予防理学療法分野の今後。PT協会が総額1億円の研究助成の公募。
理学療法士協会が予防分野に対しての研究助成の公募をしていますね。
助成金額がなんと、、、総額1億円!!!
採択する研究課題数が上限5件を程度を考えているようなので、単純計算で1件あたり2千万円あたりの助成金となりますね。
1件あたりの助成金の助言も場合によっては5千万円まで設定可能としているようで、かなり予防分野の確立に対して力を入れてきてますね。
公募の背景に2025年問題における社会保障費の抑制を掲げてはいますが、それにしては今からこのような公募をするのは少し後手後手のような印象もありますけどね。
2025年問題のまとめです。
physicalkun.hatenablog.com
さらにその先もまとめてみた2042年問題です。興味があれば参考に。
physicalkun.hatenablog.com
まぁ金額が金額なので、公募に至る過程も複雑な流れがあったのだとは思います。
本日は、この研究助成の内容を簡単にまとめて、理学療法士協会の予防に対する考えを理解しておきたいと思います。
研究助成の分野は??
予防理学療法の確立を目的とした大規模臨床研究に対する研究助成の公募です。
研究期間は原則2事業年度らしいですが、1事業年度でも可能らしいです。
研究組織の中に、医療経済学の専門家を少なくとも1人含むことも条件とされています。
具体的なテーマは??
予防理学療法分野の中で、具体的な3つのテーマを掲げています。
研究テーマ 1:健康寿命の延伸(生活習慣病等の発生・増悪予防)に関する予防理学療法
運動療法を主とした理学療法を通じた健康寿命の延伸をテーマ。
生活習慣病等の発生・増悪予防といった健康寿命の延伸を阻害する疾患や障害等に対する標準化された理学療法プログラムの確立。ならびに、理学療法が社会保障費抑制に及ぼす影響を検討する研究
研究テーマ 2:転倒に関する予防理学療法
運動療法を主とした理学療法を通じた転倒予防や転倒に関連する身体的要因等の解明をテーマ。

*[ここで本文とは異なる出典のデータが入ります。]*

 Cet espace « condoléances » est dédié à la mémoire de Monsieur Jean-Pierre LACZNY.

転倒を予防するための標準化された理学療法プログラムの確立。ならびに、理学療法が社会保障費抑制に及ぼす影響を検討する研究
研究テーマ 3:要介護状態の発生・増悪に関する予防理学療法
運動療法を主とした理学療法を通じた要介護状態の発生や増悪予防をテーマ。
認知症など要介護状態の発生や増悪に関連する要因に対する標準化された理学療法プログラムの確立。ならびに、理学療法が社会保障費抑制に及ぼす影響を検討する研究
ん~、私も地域に出て地域在住の高齢者に対して運動指導をすることがありますが、なかなかどのテーマも興味深いテーマだと思います。
特に、テーマ2の転倒予防に関しては、予防理学療法だけでなく、病棟での転倒予防にも活かせるかもしれませんね。

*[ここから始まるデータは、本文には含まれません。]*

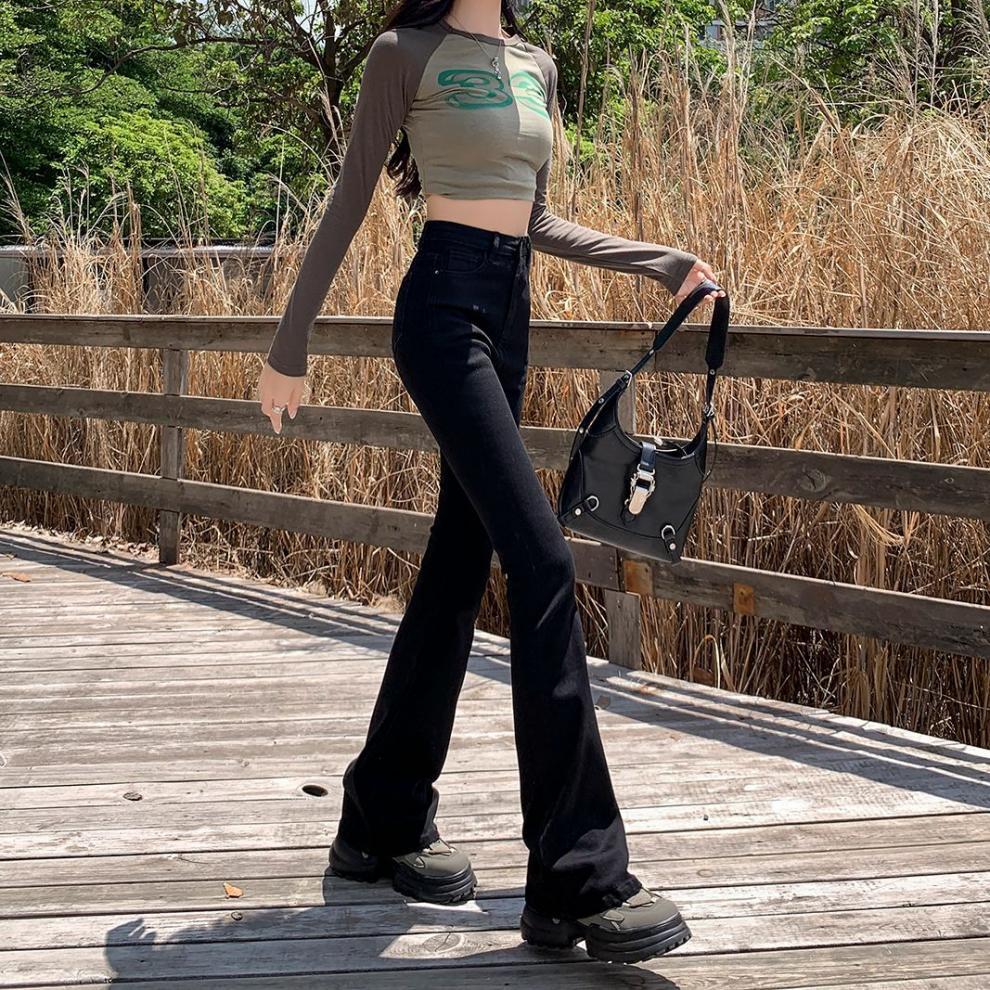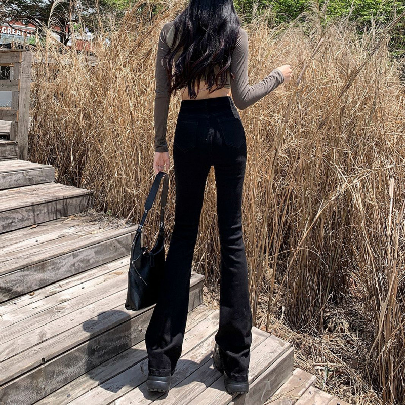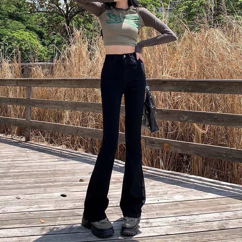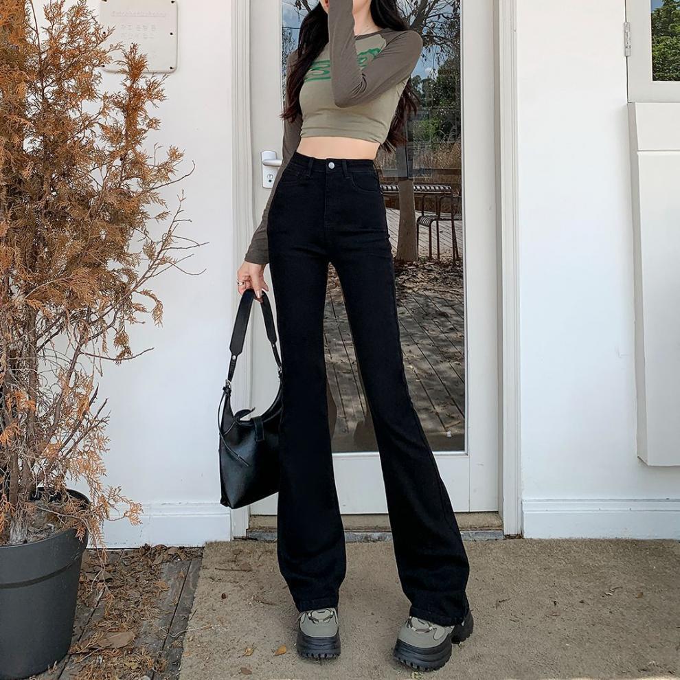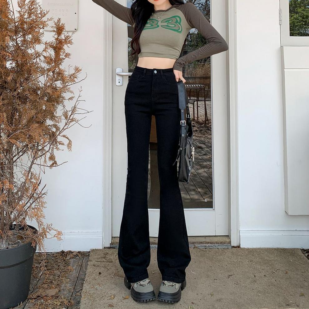 2024 기모 블랙 데님 바지 여성 하이 허리 슬림 룩 키가 큰 슬림-올핏 매치 스트레치 트렌디 한 말굽 바지스토어 가기

注意点として、すべてのテーマにおいて、outcome指標の1つに医療経済学的指標を含むことが条件付けられています。
また、大規模臨床研究なので、他施設共同による無作為化対象試験、または、地方自治体と連携した大規模集団を対象とした横断的・縦断的調査がのぞましいとされています。
公募を見た感想
まず思ったことは、やはり公募するタイミングが遅いことでしょうか。
予防分野での理学療法士の関わりのメリットは以前からゆわれていたので、本格的に職域を拡大し、理学療法士の地位を押し上げるにはもっと早くからこのような取り組みが行われていてもよかったのかなと思います。
あとは、すでに地域での運動指導による成果は一部の地域で結果として出ていたような気がするのですが。

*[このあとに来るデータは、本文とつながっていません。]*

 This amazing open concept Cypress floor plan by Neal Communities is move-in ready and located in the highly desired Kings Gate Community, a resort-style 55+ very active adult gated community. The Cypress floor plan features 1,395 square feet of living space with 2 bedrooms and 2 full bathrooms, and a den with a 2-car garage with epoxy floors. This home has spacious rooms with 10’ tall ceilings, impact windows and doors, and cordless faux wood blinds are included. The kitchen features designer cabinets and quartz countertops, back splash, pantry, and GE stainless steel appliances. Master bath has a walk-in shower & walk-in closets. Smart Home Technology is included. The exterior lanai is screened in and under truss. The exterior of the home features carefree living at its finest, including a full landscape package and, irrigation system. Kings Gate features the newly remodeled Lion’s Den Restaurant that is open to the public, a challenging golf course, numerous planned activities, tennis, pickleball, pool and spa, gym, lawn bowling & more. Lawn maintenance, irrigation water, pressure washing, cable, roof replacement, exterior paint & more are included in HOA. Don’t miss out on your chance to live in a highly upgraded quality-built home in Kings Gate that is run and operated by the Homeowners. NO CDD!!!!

これに関しては私もあまり詳しく把握しているわけではないので、また勉強してみます。
あとは助成金額の話。金額も金額なので。このような助成金は理学療法士協会の年会費から捻出されるんでしょうかね?
理学療法士協会への加入率は80%超だったと思います。ほかの医療職、例えば医師は60%、看護師50%などほかの職能団体に比べると加入率はかなり高い数字となっています。
これは協会への期待度なのか?私が入職したころは入るのが当たり前の流れだったので特に考えず入りましたが。
この加入率をうまく活かしながら協会にはこれからも頑張ってほしいですね。
本日も最後までお付き合いありがとうございました。